Small health care organizations may think they are under the radar of the Office for Civil Rights (OCR), but a settlement the OCR agreed to last week should disabuse small health care providers of that notion.

On July 23, 2020, the OCR issued a press release outlining the terms of its settlement with Metropolitan Community Health Services (Metro), doing business as Agape Health Services. Metro agreed to pay $25,000 to the OCR and to adopt a corrective action plan, including two years of monitoring, to settle an enforcement action OCR initiated against Metro.

The controversy began when Metro self-reported a data breach on June 9, 2011 pursuant to the HIPAA breach notification regulations after it discovered an “impermissible disclosure of protected health information to an unknown email account” that affected 1,263 patients.

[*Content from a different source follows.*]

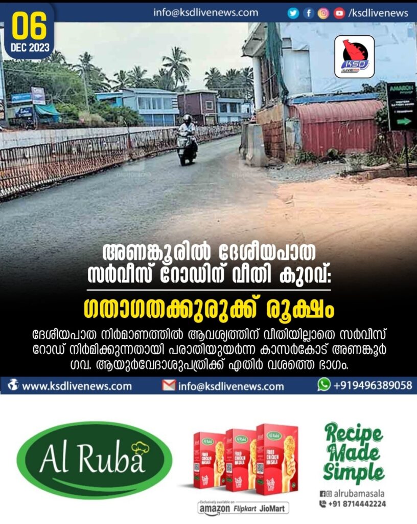 അണങ്കൂരിൽ ദേശീയപാത സർവീസ് റോഡിന് വീതി കുറവ്: ഗതാഗതക്കുരുക്ക് രൂക്ഷം

OCR commenced an investigation and found “longstanding, systematic noncompliance with the HIPAA Security Rule. Specifically, Metro failed to conduct any risk analyses, failed to implement any HIPAA Security rule policies and procedures, and neglected to provide workforce members with security awareness training until 2016.”

As with all settlements that the OCR enters into with regulated entities, lessons can be learned from this one, including consideration of reviewing the last time a security risk assessment was performed, review of a business’ HIPAA compliance program, including policies and procedures that comply with the Security Rule, and security awareness training for its workforce.